Miriam’s a cunt and has to die.
And then there are Ed’s wimpy responses:
Calm down, sweetheart.
I need more time.
I love you.
This is all pretty recent, by the way. I was with Miriam just last night, and she brought me up to speed.
So now I gotta be careful what I write. I don’t want to screw anybody over until I’m 100 percent sure. I know what it’s like to be blamed for shit I didn’t do. I mean, how many times have we had the cops at the door because so-and-so made a crack and everybody’s all, It must’ve been Armin who done it?
How am I supposed to prove I didn’t, right?
I mean, come on!
* * *
Look, I figure you’d probably freak if you found out your husband’s lover wanted you dead, right? So I told Miriam maybe she ought to report it. Which, by the way, sounded really weird coming out of my mouth. Report it? Like the cop on the corner is your friend, right? But I just didn’t trust the situation. I was worried about Miriam.

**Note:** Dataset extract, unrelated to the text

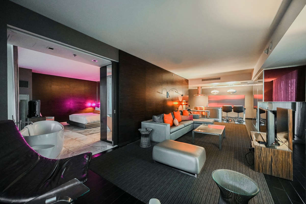 Disfruta de una suite única en Las Vegas... Impresionante diseño y decoración con muebles de lujo con un toque de mediados de siglo. El plano de planta de concepto abierto tiene 2 dormitorios/2 baños y una amplia superficie de 2100 pies cuadrados. Disfruta de entretenimiento las 24 horas en la mesa de billar de acero inoxidable y el juego de cócteles de varios lados (los mejores juegos clásicos de los 80/90). La sala de estar tiene un gran sofá seccional, televisores LG de 65 pulgadas e iluminación LED en todas partes. La terraza envolvente tiene vistas a la piscina interior/exterior y al Strip de Las Vegas.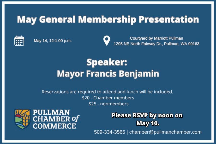 Pullman Community Update 19 MAY 2024 Ken Paulson Plumbing 1401 Countr y Club Rd • Pullman kenpaulsonplumbinginc com (509) 338-0824 OR (509)-330-0243 KENPAPP791B5 • KENPAPI990P5 Ken Paulson Plumbing Make sure your air conditioning is ready to keep up with the heat! We service, repair, replace, and install air conditioning and mini-splits. Give us a call today! Moscow Office: 217 S Main St. (208) 882-0800 Pullman Office: 405 South Grand Ave. (509) 334-0562 Lewiston Office: 325 Main St. (208) 746-7400 cbquadcities.com what worth? Each office is independently owned and operated. Search our listings HERE FOR YOU. Our experienced real estate professionals know the local market and are ready to help you. Contact us today! Jason M. Brown Designated Broker (208) 669-1690 Debbie Lawrence Managing Broker (208) 301-0108 Carrie Barker (208) 310-9799 Mark Blehm (509) 336-9935 Jacob Campfield (425) 903-2193 Stephanie Clark (509) 595-2798 Jayci Cocking (307) 670-1147 Dan Colvin (360) 774-0082 Eve Fortenbery (208) 301-8698 Patti Green-Kent (509) 595-3740 Dawson Dugger (509) 595-1108 Melissa Harrison (509) 710-5463 Kim Kirsch (509) 592-8045 Darl Roberts (509) 432-1642 Fattima Rowland (208) 310-0204 Mick Nazerali (206) 794-7860 Siua Musika (425) 757-8212 Ashley Alred (509) 338-5306 Kim Brickey (509) 595-3536 Smoking our own brisket and pork. 200 E MAIN, PULLMAN • 332-6566 Minors are welcome until 8 pm Rico’s is a proud woman-owned business. Coupon expires 5/31/2024. One coupon per table per visit. Coupon can not be combined or used with any other sale or special. Not valid for take-out. Check out something new at your favorite place! Support Local Businesses! Lesser Value for Half Price During construction, use our back door o the Cougar Plaza parking lot!

“This is private,” she said. “I don’t want the girls to hear anything about it. I’ll deal with it.” And then she climbed on top of me and drove me out of my gourd with her tongue. We fucked like we never fucked before, like . . . well, like wild animals. It was like Miriam squeezed herself inside of me. She bit me, licked me, raked my back with her long sharp nails, sucked my balls—Jesus, I thought I was about to black out—and meanwhile she whispered all this shit I figured was meant to stir me up and make our coming even more explosive, words and sentences I didn’t really absorb—you know what I mean, we all say weird stuff when we’re excited. I mean, I get it that Miriam wished the bitch was dead and I’m not a baby, I’ve got a pretty rich imagination myself, if you get my drift, I’ve downloaded some illegal videos—you know, where Somebody A really hurts Somebody B, hits her, beats her with whips, cuts her with razors, tortures her—snuff films, I mean, that shit’s fucked up.